Repair
- Accessed by:
Requirements
The Repair effect can only be used on selection regions up to 128 samples long (for most audio, only a few thousandths of a second). Above this length, it becomes too hard to guess what should be going on in the section under repair. You will get an error message if you select too much audio to try and repair. In general, the shorter the section of audio you select to repair, the better the results will be.
The Repair effect is unusual because it requires there to be audio outside the selection region on at least one side of the section to be repaired. Examining this audio lets Audacity interpolate (make an informed guess about) the bad section. If the surrounding audio in the track is very short or non-existent there may not be enough information to make the interpolation, and an error message will be shown. For example, it is not possible to select a region up to 128 samples long in one track, paste or duplicate it into a new empty track and then repair it, because there will then be no audio either side of the region to examine.
Usage
- Select the approximate region of audio. Zoom in until you can start to see the individual dots (samples) in the waveform, and then reselect the shortest possible piece of audio for replacement.

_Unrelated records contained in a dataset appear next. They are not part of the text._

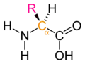 The general structure of an α-amino acid. The α-carbon is displayed in orange, and the side chain is denoted by R. This style of diagram does not indicate whether the amino acid is an L or a D enantiomer.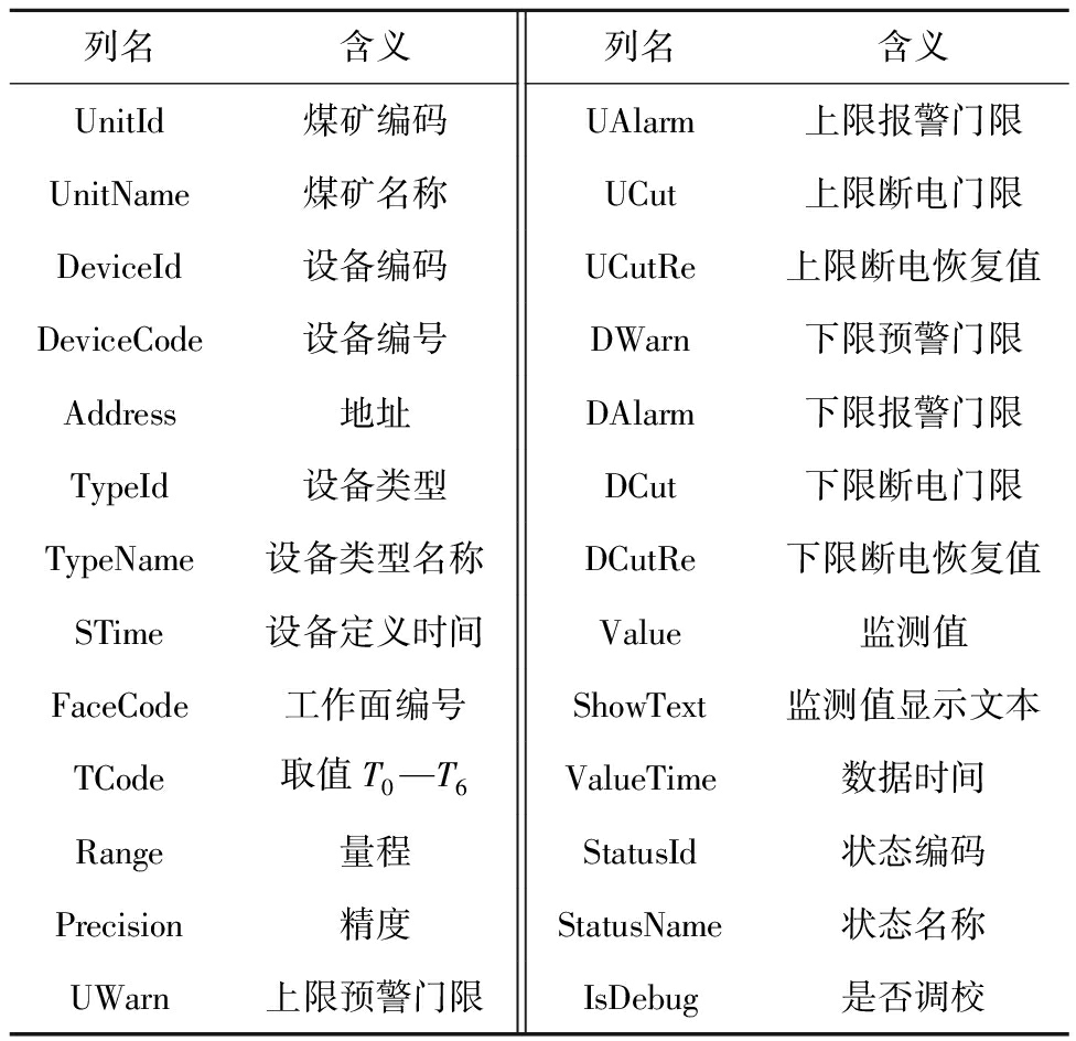 列名含义列名含义UnitId煤矿编码UAlarm上限报警门限UnitName煤矿名称UCut上限断电门限DeviceId设备编码UCutRe上限断电恢复值DeviceCode设备编号DWarn下限预警门限Address地址DAlarm下限报警门限TypeId设备类型DCut下限断电门限TypeName设备类型名称DCutRe下限断电恢复值STime设备定义时间Value监测值FaceCode工作面编号ShowText监测值显示文本TCode取值T0—T6ValueTime数据时间Range量程StatusId状态编码Precision精度StatusName状态名称UWarn上限预警门限IsDebug是否调校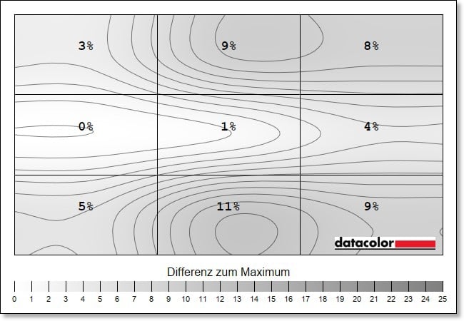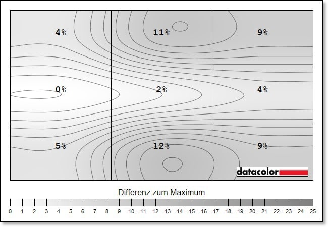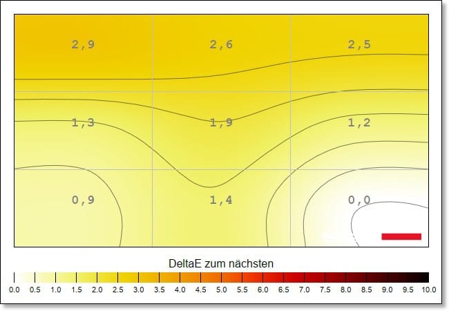 Nicht ganz so gut fällt hingegen die Luminanzhomogenität aus, die die Gleichheit der Ausleuchtung darstellt. Hier messen wir Abweichungen von bis zu 13 Prozent zum Maximum, das hier mittig am linken Rand zu finden ist.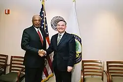 Woods with United States Secretary of Education Rod Paige in February 2002

- Click to replace the selected audio with the repaired audio.
- Zoom back out (or grab the handle on the horizontal scrollbar at the bottom of the screen and drag leftwards), click a few seconds before the region you were repairing, and play from there to hear if the repair sounds OK. If not, click and try a different region to repair. Include a little more on either side of the problem if the original damage was still obvious, or less if the repaired region sounded different, but incorrect.